9456.fb2
Вот как мы там очутились. Это было после моего первого концерта в Петербурге. Он был в ноябре. А на праздники мы поехали в имение матери Петра, которая уже года два как поселилась там, вернувшись окончательно на свою родину. В том же поезде из Москвы ехала и Софья Андреевна. Узнав, что мы в одном с ней вагоне, она пригласила нас в свое купе и также просила приехать в Ясную Поляну, где все ее семейные разделились на два лагеря: один за Мусоргского и за меня, другой — против, если не меня, то во всяком случае Мусоргского.
Больше всех против была старшая дочь, в то время замужем за Сухотиным, а этот Сухотин был в родстве с д’Альгеймами. Лев Николаевич это знал и после уже все дразнил Татьяну: «А я встретил твоего кузена д’Альгейма!» И в самом деле, он раз встретил его зимой. Петр ехал из Тулы к матери. Это было поздно вечером. Увидев издали всадника, Петр спросил ямщика, кто бы это мог быть. «Никто иной, как граф. Он каждый день почти верхом здесь ездит, во всякую погоду». Это так и оказалось. Узнав Петра, Лев Николаевич остановил лошадь, привязал ее сзади к саням, а сам уселся возле Петра, да так и пропутешествовал с ним верст десять. Я думаю, что Толстой тогда уже читал книгу Петра о Вийоне. Она вышла в 1899 году, поэтому они порядочно долго могли беседовать…[1]
Приехали мы часов около одиннадцати, до завтрака, на котором сам хозяин не присутствовал. Я довольно долго беседовала с графиней… После завтрака пришел и сам Толстой. Графиня представила ему меня, и я, как вы понимаете, смотрела на него во все свои близорукие глаза. Потом мне сказал кто-то, что он именно любил, чтобы ему прямо в глаза смотрели. Поздоровавшись с Петром, Лев Николаевич усадил его где-то в гостиной, и у них завязался, верно, чрезвычайно его интересовавший разговор. Во всяком случае около трех часов он вдруг предложил всем гостям своим прогулку на розвальнях к засеке. Толстой хотел показать Петру родник, «никогда не замерзающий». Петра снабдили валенками, чтобы он мог спуститься в довольно глубокий овраг, где находился этот родник. На мне были свои валенки. Когда мы подъехали к оврагу, Лев Николаевич спросил: «Кто хочет идти с нами в овраг?» Никто не хотел, все отказались, кроме Сергея Львовича. Я, конечно, тоже полезла, хотя сугробы были довольно-таки глубокие, и было градусов двенадцать холода. Спустившись в овраг, мы четверо прошли несколько саженей. Остановившись у родника, Толстой сказал: «Вот», — и замолчал. Спустя несколько минут Петр взглянул на него и увидел, что Толстой плакал…
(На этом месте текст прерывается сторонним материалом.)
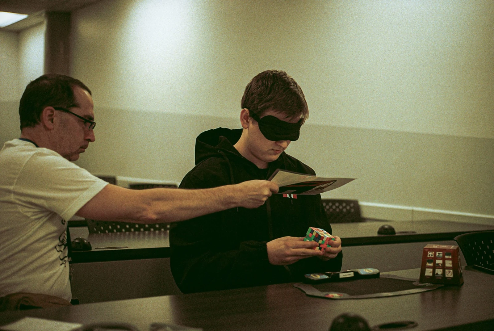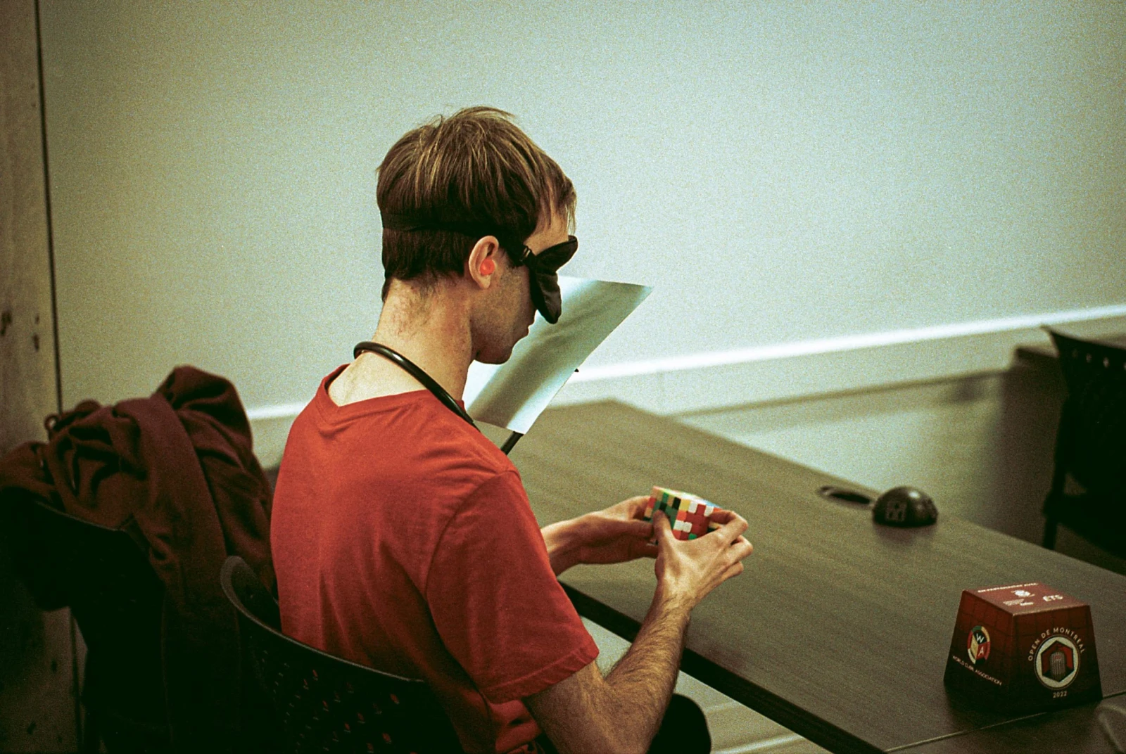 Dans une pièce réservée exclusivement aux compétitions à l’aveugle, quelques braves se frottent au défi de l’obscurité. Étrange scène où une petite foule s’agglutine autour de cubeurs aux yeux masqués munis de bavettes cartonnées empêchant toute triche.
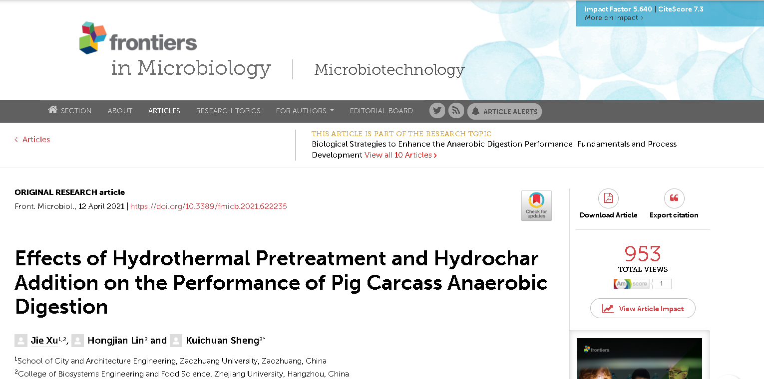 近日,betway西汉姆联平台固废资源化综合利用科研小组在水热炭调控厌氧消化研究方面取得最新进展,相关工作发表在国际著名期刊《Frontiers in Microbiology》(中科院一区,TOP期刊,影响因子5.640)上,论文题目为《Effects of hydrothermal pretreatment and hydrochar addition on the performance of pig carcass anaerobic digestion》,betway西汉姆联平台为第一单位,徐杰博士为论文第一作者。

Вернувшись, сели пить чай, и Лев Николаевич вздумал сам меня проэкзаменовать. Стол в их столовой очень длинный был и узкий, так что я хорошо могла видеть моего vis-a-vis, несмотря на мое плохое зрение. Вдруг, обращаясь ко мне, он спросил: «Думаете ли вы, что совершенно глухой композитор может создавать гениальные произведения?» Меня этот вопрос так озадачил и мой ответный взгляд, верно, был полон таким удивлением, что не дожидаясь моего словесного ответа, Толстой сказал: «Oui, je comprends, je comprends»[2].
После обеда, часов в девять графиня повела меня к роялю. Гольденвейзер, с которым она тут же меня познакомила, сидел уже у рояля. Он был очень тонкий музыкант, блестящий виртуоз, и был очень дружен с семьей Толстого. Я пела Мусоргского, но не одного его, а также и Шумана и Шуберта. После того, что я спела из «Детской», Толстой сказал, что не понимает, как музыка может изобразить движения. Я ответила: «Так же, думаю, как и слова писателей». Вдруг я подумала, не спеть ли мне теперь «Полководца» с его французским текстом — я тогда еще его по-русски не успела выучить. «Полководец» был у меня в рукописи переложен ниже и назван Петром «La guerre». Когда я кончила петь, Толстой воскликнул: «Чье это сочинение?» Да и все были в восторге, думали, что какой-нибудь французский композитор был его автором. А когда я назвала Мусоргского, Толстой заявил: «Как же мне толкуют, что Мусоргский плохой композитор? Ведь то, что мы сию минуту слышали, более, чем прекрасно».
Я подумала, что противники Мусоргского должны были бы нас повесить… Больше мы не бывали в Ясной Поляне.
Встречи в России, концерты в Петербурге и Москве еще больше укрепляют Оленину в осознании своей миссии — пропагандировать русскую музыку, способствовать ее исполнению в России и за ее пределами. С этого времени она перестает быть просто «русской певицей, живущей в Париже», начинается истинно интернациональная концертная деятельность русской певицы. С 1901 года Мария Алексеевна делит свое время между Россией, Францией и Бельгией, а в 1912 году совершает большую поездку в Англию. И, как круги на воде, ширятся печатные отклики и рецензии.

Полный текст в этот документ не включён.